### Task details
Give back every record below in full and exactly, but without a single image.
----------
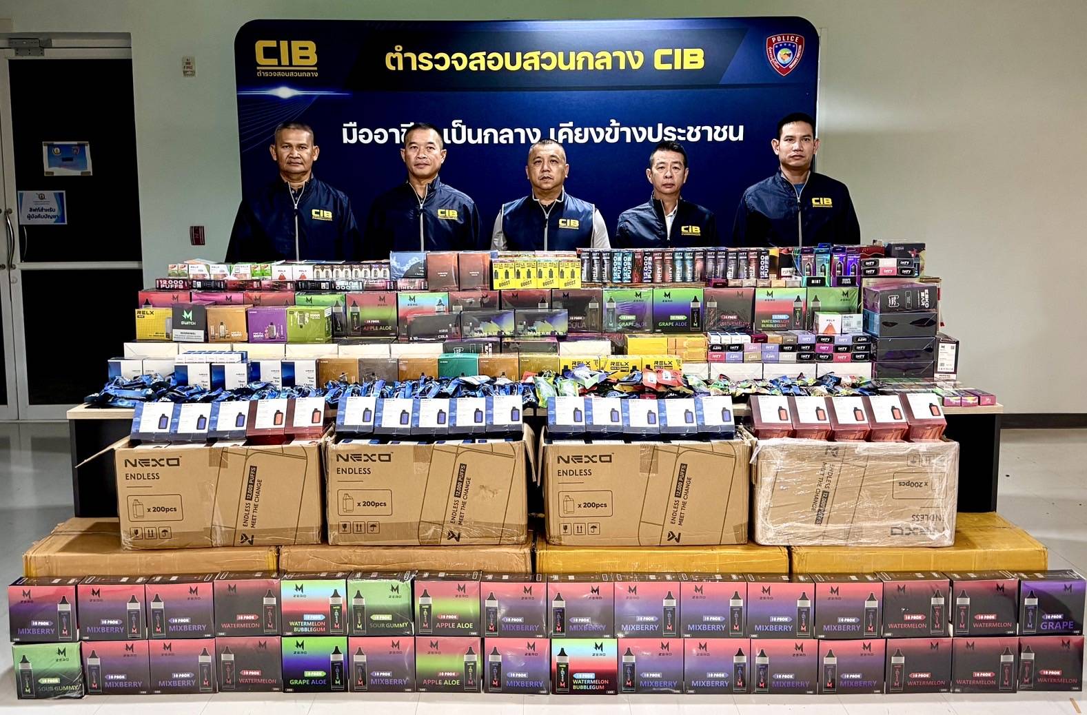 ตำรวจสอบสวนกลาง (CIB) โดยกองบังคับการปราบปรามการกระทำความผิดเกี่ยวกับการคุ้มครองผู้บริโภค “ทลายโกดังบุหรี่ไฟฟ้าเถื่อน ! ยึดกว่า 50,000 ชิ้น มูลค่าทะลุ 10 ล้าน”
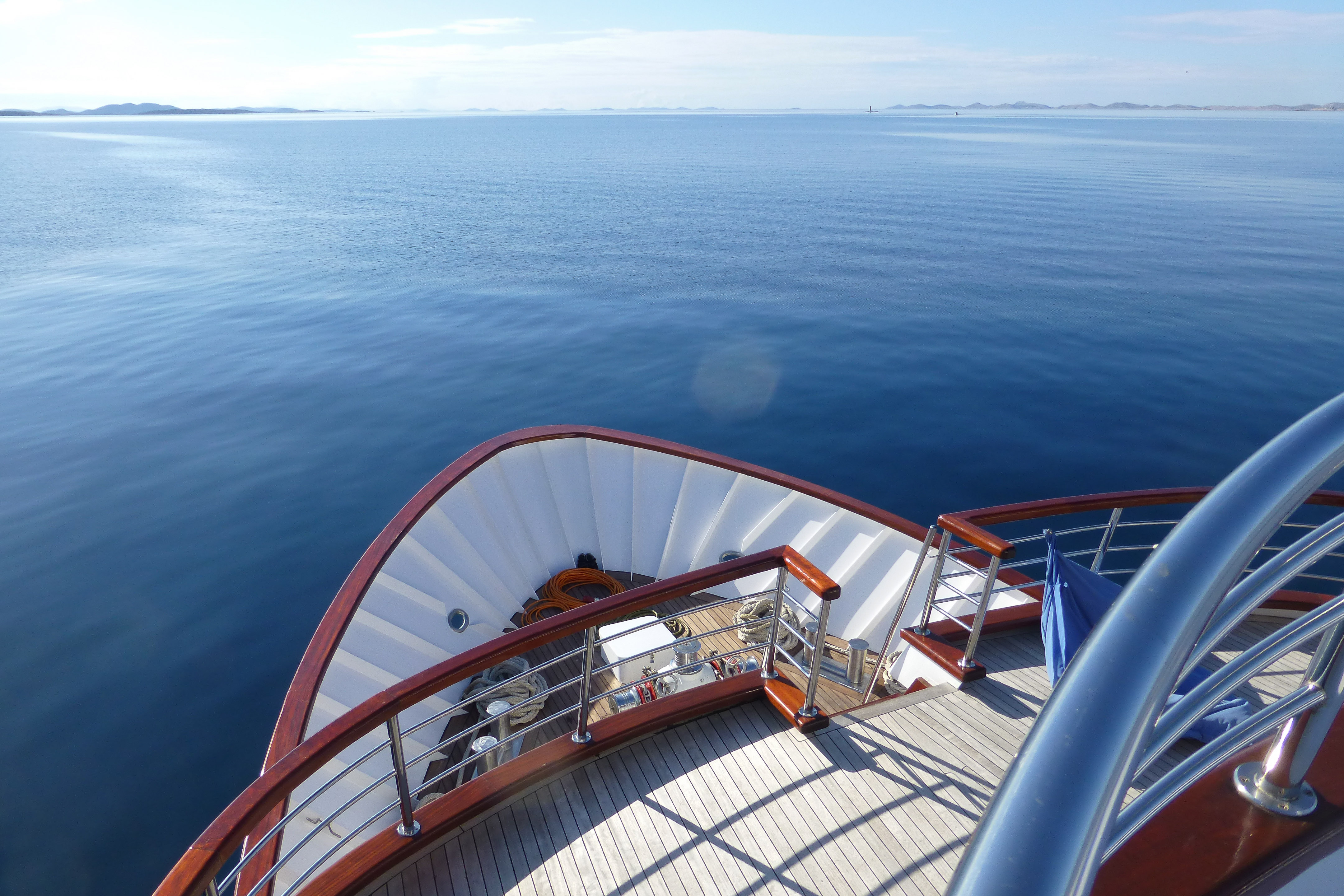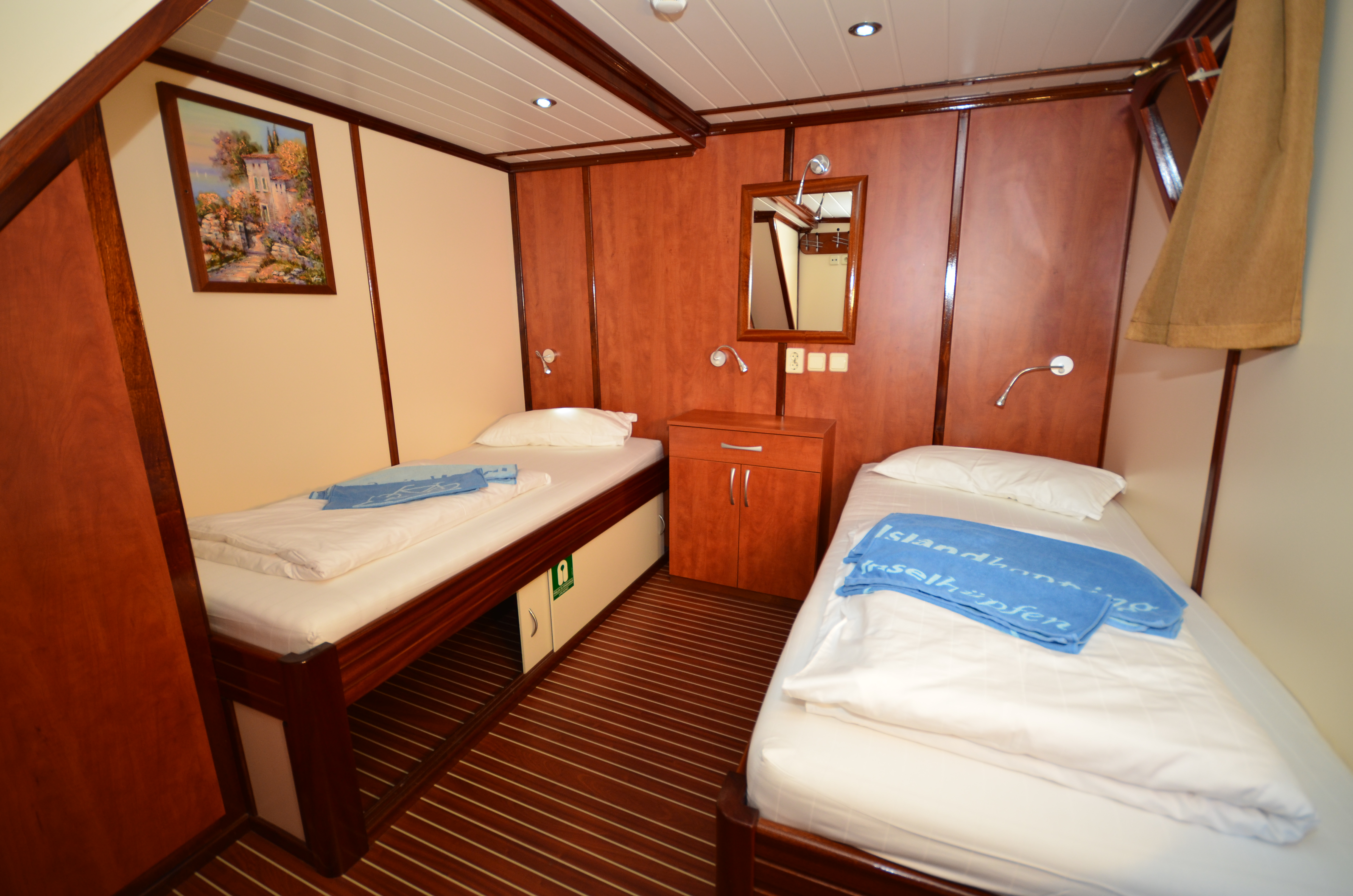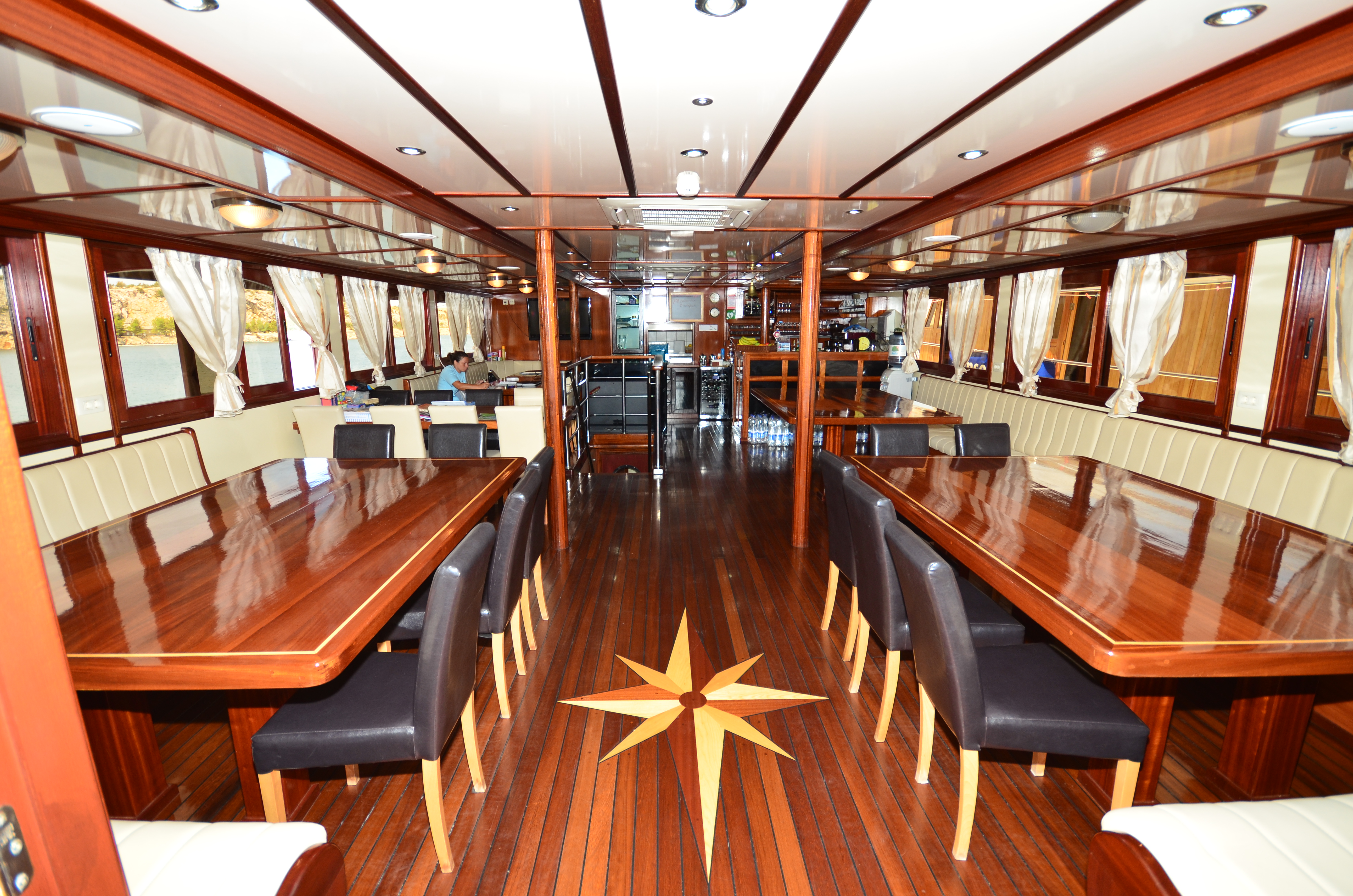 17 comfortable and spacious guest cabins with a size of 40-46 sq ft. (12-14 qm) including a tiled bathroom with shower cabin are at the guests’s disposal. The ship has a swimming platforn at the stern, which enables an easy access to the sea.
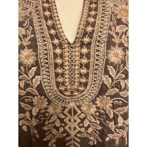 Johnny Was LA Kemi 100% Linen Embroidered Peasant Top Taupe Sz Medium
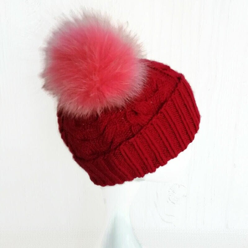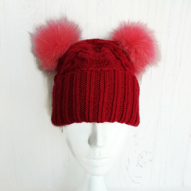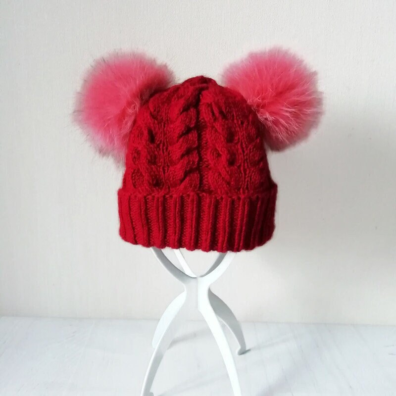 Double pom pom beanie women, Cuffed beanie with poms, Winter hat, Two pompom warm hat
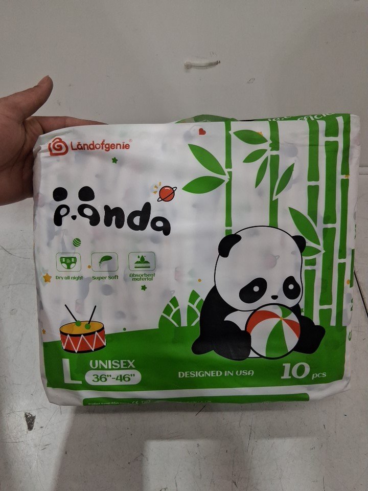 10PK ADULTS UNISEX Landofgenie Incontinence Diaper Briefs - LARGE - WHITE PANDA PRINT
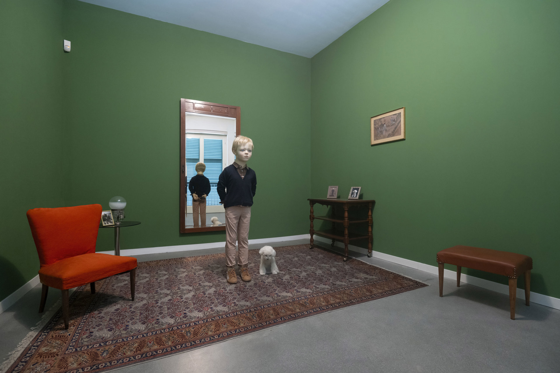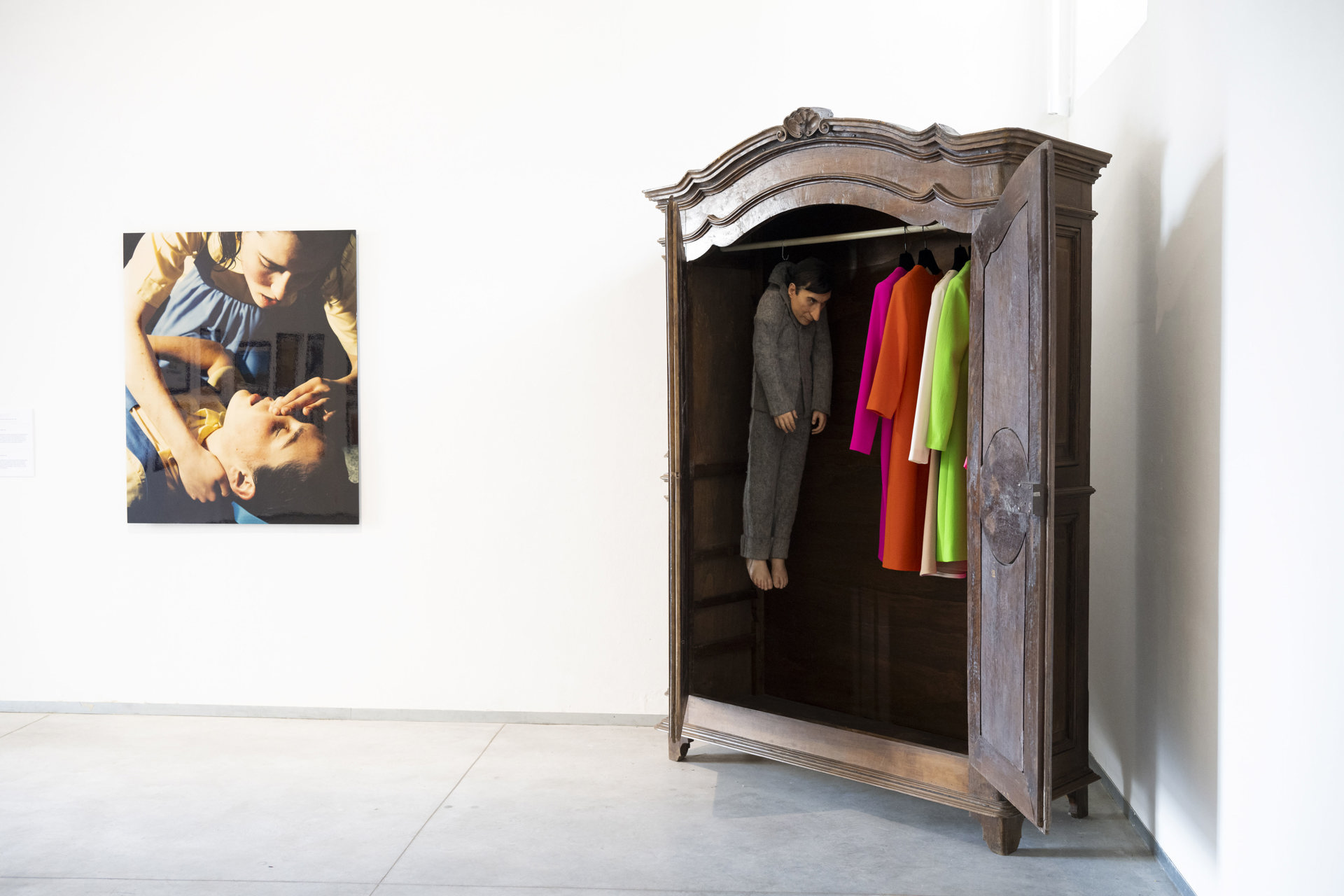 Molte delle opere in mostra sono state create in un periodo in cui gli artisti si chiedevano che cosa potesse o non potesse essere un’opera d’arte, e questo lavoro ne è un emblema: ha la forma di un dipinto ma non ha un soggetto fisso, è opera ma anche spazio espositivo, ha una funzione pratica (le opere solitamente non ne hanno), è didascalia di sé stessa e si presta a essere didascalia di altre opere: in questo caso i curatori l’hanno impiegata per esporre il testo introduttivo alla mostra, la lista degli artisti e alcuni inviti a progetti passati della Fondazione. Altre opere si configurano come contenitori, o capsule del tempo: l’impraticabile casetta di Mark Dion, «Office of the Censor» (1996), contiene una polifonia di oggetti accuratamente selezionati ma non consultabili, avverando implicitamente la sua natura di «ufficio del censore» e ironizzando sull’inaccessibilità dei reperti conservati nei musei; «Chanel fall-winter 94/95» (1994) di Silvie Fleury è un tappeto fucsia su cui sono sparse riviste di moda di trent’anni fa, pubblicazioni che proponevano modelli estetici tanto inarrivabili quanto sintetici, e di conseguenza l’opera oggi conserva inalterata la sua freschezza come un mazzo di fiori finti; «Untitled, Ceiling» (1993) di Rachel Whiteread è il calco della porzione di un soffitto proveniente da una casa di epoca vittoriana ormai demolita: reso in gesso e installato a pavimento, questo piatto monolite bianco ci ricorda quanto la nostra percezione del tempo dipenda dal modo in cui viviamo lo spazio, e che gli oggetti, come le opere d’arte, hanno sempre bisogno di una narrazione per raccontarsi al presente, e di qualcuno che si prenda l’impegno di coltivarla, aggiornarla e tramandarla.
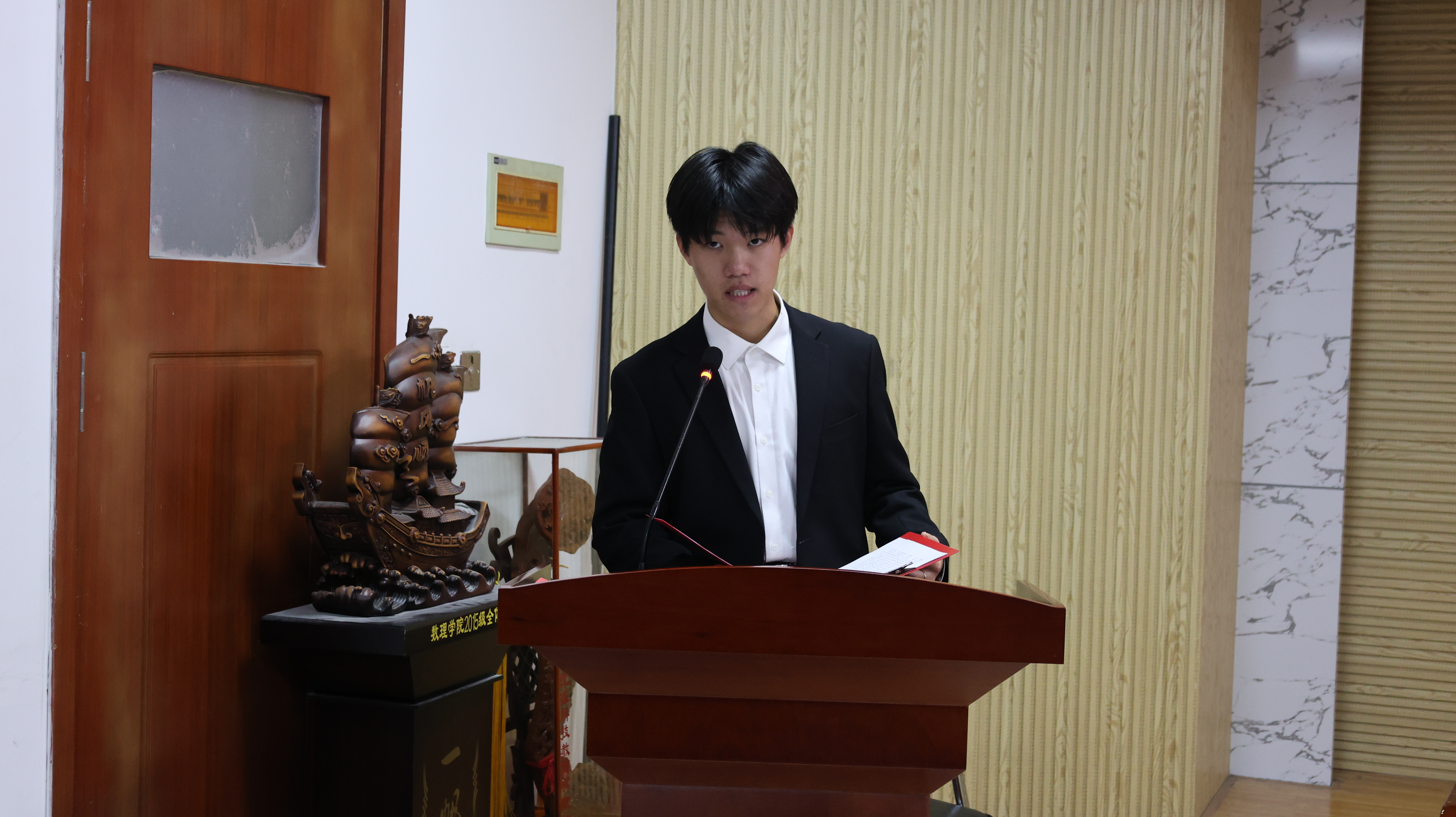 李雯雯为大会致开幕词。她充分肯定了学院学生会和研究生会在服务同学、学风建设、科创实践等方面所做出的积极贡献,并向全院青年学生提出三点希望:一要夯实专业根基,在求知问道中“钻得深、扎得稳”,培养严谨求实的科学精神与创新思维;二要拓展综合素质,在能力提升中“走得远、立得高”,积极参与实践锻炼,增强团队协作能力与社会责任感;三要勇担时代使命,在人生追求中“望得广、行得正”,将个人理想主动融入国家发展大局。她强调,新一届学生会、研究生会要继承学院优良传统,勇于开拓创新,团结带领全院同学以更加饱满的热情和昂扬的斗志投身学习与实践,在实现个人价值的同时,为学校和学院发展贡献青春力量。
----------
### Answer area
 ตำรวจสอบสวนกลาง (CIB) โดยกองบังคับการปราบปรามการกระทำความผิดเกี่ยวกับการคุ้มครองผู้บริโภค “ทลายโกดังบุหรี่ไฟฟ้าเถื่อน ! ยึดกว่า 50,000 ชิ้น มูลค่าทะลุ 10 ล้าน”
 17 comfortable and spacious guest cabins with a size of 40-46 sq ft. (12-14 qm) including a tiled bathroom with shower cabin are at the guests’s disposal. The ship has a swimming platforn at the stern, which enables an easy access to the sea.
 Johnny Was LA Kemi 100% Linen Embroidered Peasant Top Taupe Sz Medium
 Double pom pom beanie women, Cuffed beanie with poms, Winter hat, Two pompom warm hat
 10PK ADULTS UNISEX Landofgenie Incontinence Diaper Briefs - LARGE - WHITE PANDA PRINT
 Molte delle opere in mostra sono state create in un periodo in cui gli artisti si chiedevano che cosa potesse o non potesse essere un’opera d’arte, e questo lavoro ne è un emblema: ha la forma di un dipinto ma non ha un soggetto fisso, è opera ma anche spazio espositivo, ha una funzione pratica (le opere solitamente non ne hanno), è didascalia di sé stessa e si presta a essere didascalia di altre opere: in questo caso i curatori l’hanno impiegata per esporre il testo introduttivo alla mostra, la lista degli artisti e alcuni inviti a progetti passati della Fondazione. Altre opere si configurano come contenitori, o capsule del tempo: l’impraticabile casetta di Mark Dion, «Office of the Censor» (1996), contiene una polifonia di oggetti accuratamente selezionati ma non consultabili, avverando implicitamente la sua natura di «ufficio del censore» e ironizzando sull’inaccessibilità dei reperti conservati nei musei; «Chanel fall-winter 94/95» (1994) di Silvie Fleury è un tappeto fucsia su cui sono sparse riviste di moda di trent’anni fa, pubblicazioni che proponevano modelli estetici tanto inarrivabili quanto sintetici, e di conseguenza l’opera oggi conserva inalterata la sua freschezza come un mazzo di fiori finti; «Untitled, Ceiling» (1993) di Rachel Whiteread è il calco della porzione di un soffitto proveniente da una casa di epoca vittoriana ormai demolita: reso in gesso e installato a pavimento, questo piatto monolite bianco ci ricorda quanto la nostra percezione del tempo dipenda dal modo in cui viviamo lo spazio, e che gli oggetti, come le opere d’arte, hanno sempre bisogno di una narrazione per raccontarsi al presente, e di qualcuno che si prenda l’impegno di coltivarla, aggiornarla e tramandarla.
 李雯雯为大会致开幕词。她充分肯定了学院学生会和研究生会在服务同学、学风建设、科创实践等方面所做出的积极贡献,并向全院青年学生提出三点希望:一要夯实专业根基,在求知问道中“钻得深、扎得稳”,培养严谨求实的科学精神与创新思维;二要拓展综合素质,在能力提升中“走得远、立得高”,积极参与实践锻炼,增强团队协作能力与社会责任感;三要勇担时代使命,在人生追求中“望得广、行得正”,将个人理想主动融入国家发展大局。她强调,新一届学生会、研究生会要继承学院优良传统,勇于开拓创新,团结带领全院同学以更加饱满的热情和昂扬的斗志投身学习与实践,在实现个人价值的同时,为学校和学院发展贡献青春力量。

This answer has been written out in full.